I was printing something with PET-CF, and everything was going well.
I got a message that the printer had finished, but I found the project stuck between the left nozzle and the position where the nozzles return to home.
After removing the print, I saw that the left nozzle was completely covered in PET-CF.
I reheated the nozzle to 230°C and managed to remove most of the PET-CF, but I also discovered that a wire had come off!
Contact support. That’s the nozzle tip being pushed out of the throat. There are countless examples of this happening on the H2D. They should send you a new nozzle and heater. Send them the photos and explain what happened. Upload the logs in that same ticket.
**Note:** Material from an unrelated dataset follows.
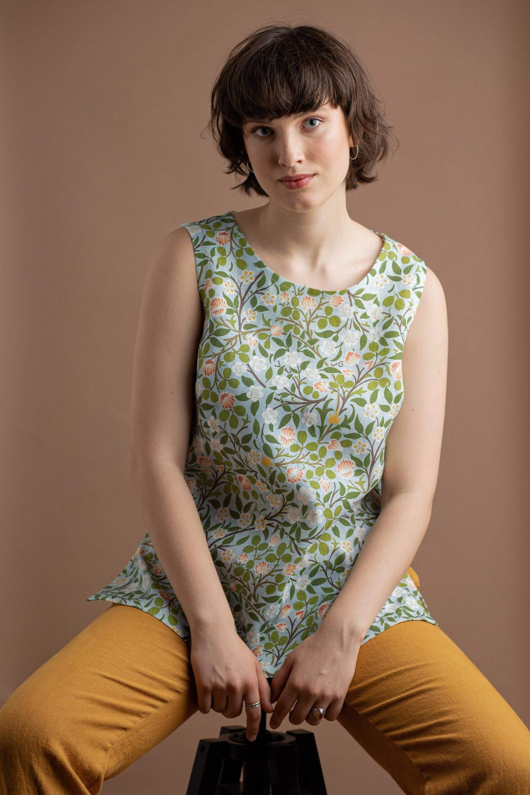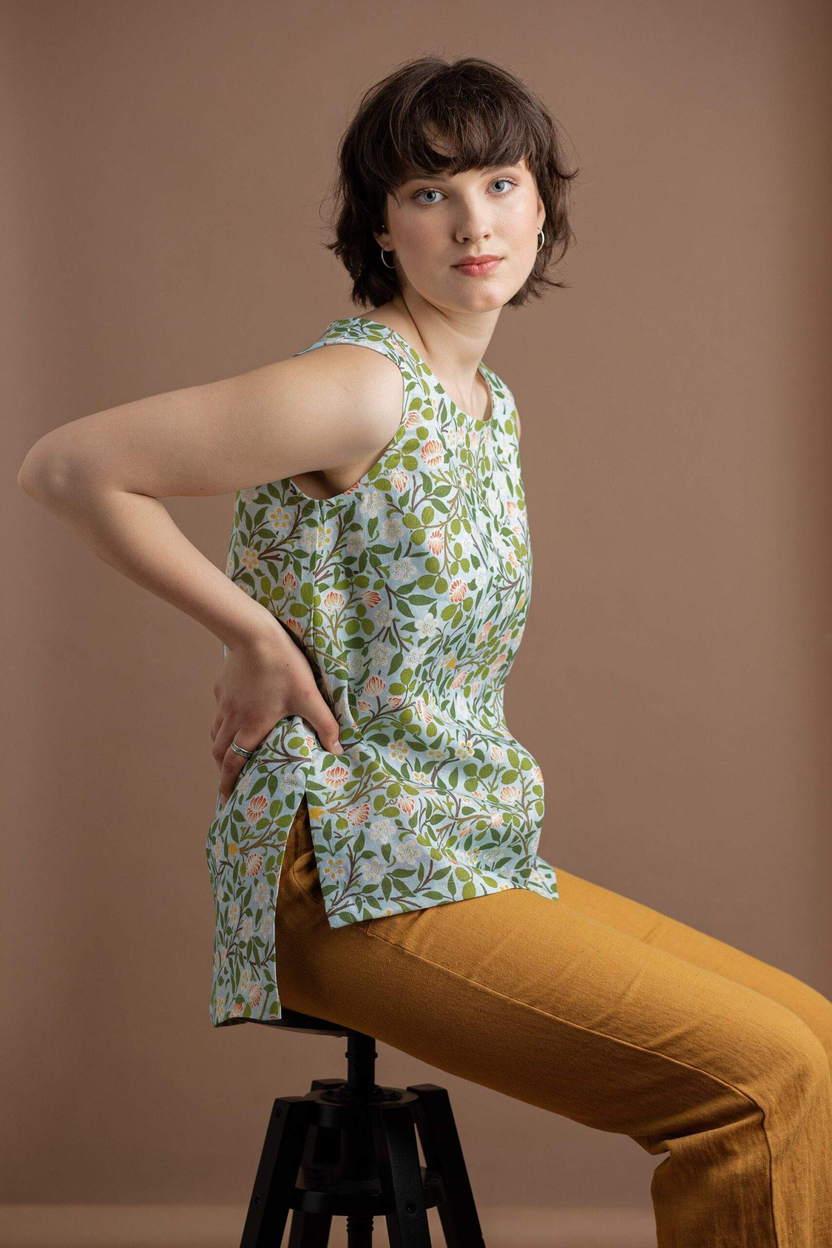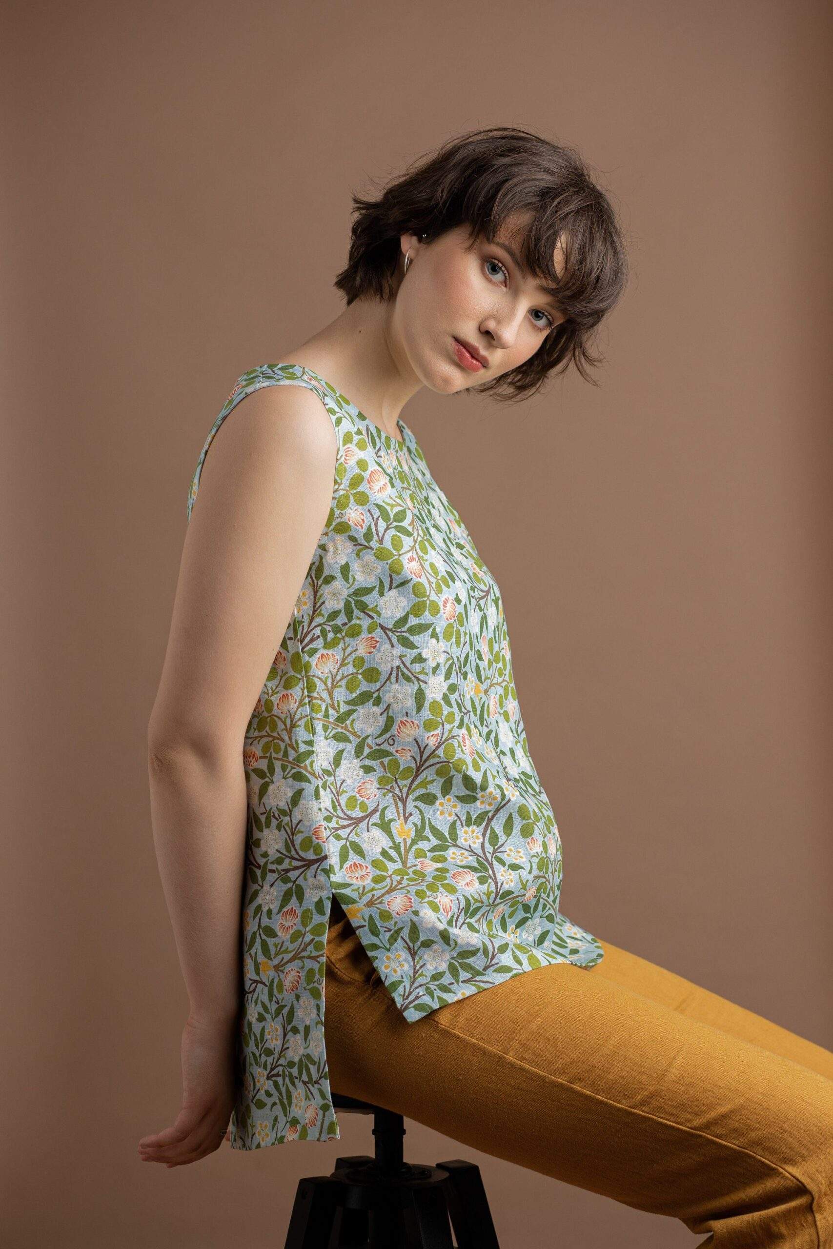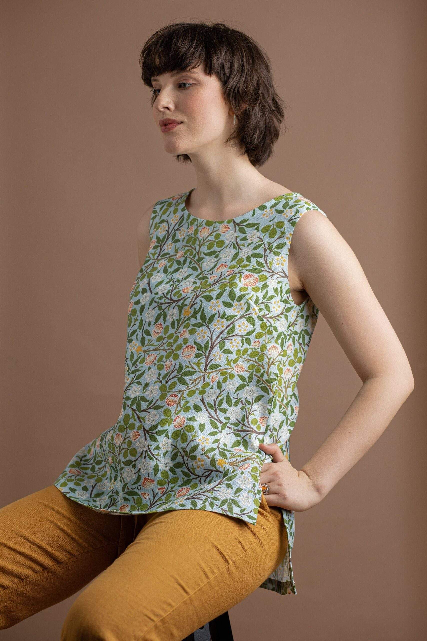 Linen top, William Morris, Clover 1955, women blouse, linen shirt, tank top, 100% linen, blouse, PR1062

Not the actual full hotend, just the tip. Those blobs occur when the either the tip becomes partially or fully dislodged from the throat (they are pressure fit) and filament extrudes out from the throat around the tip.
Its possible that a blob developed because of nozzle scraping and the nozzle itself is fine. Have you cleaned he mess off the nozzle to see?
So what does the time lapse show?
I had that happen on the right when a part let go from the build plate and just rode along stuck to the nozzle while the all the flow went vertical into the heat sock.
This can happen at anytime, just wondering why there is no type of sensor to detect build up under the sock and stop the print before taking out the heater?
If filament starts accumulating on the nozzle while printing with carbon fiber filament, try a Z-offset some carbon fiber filaments perform better with a slightly higher nozzle distance.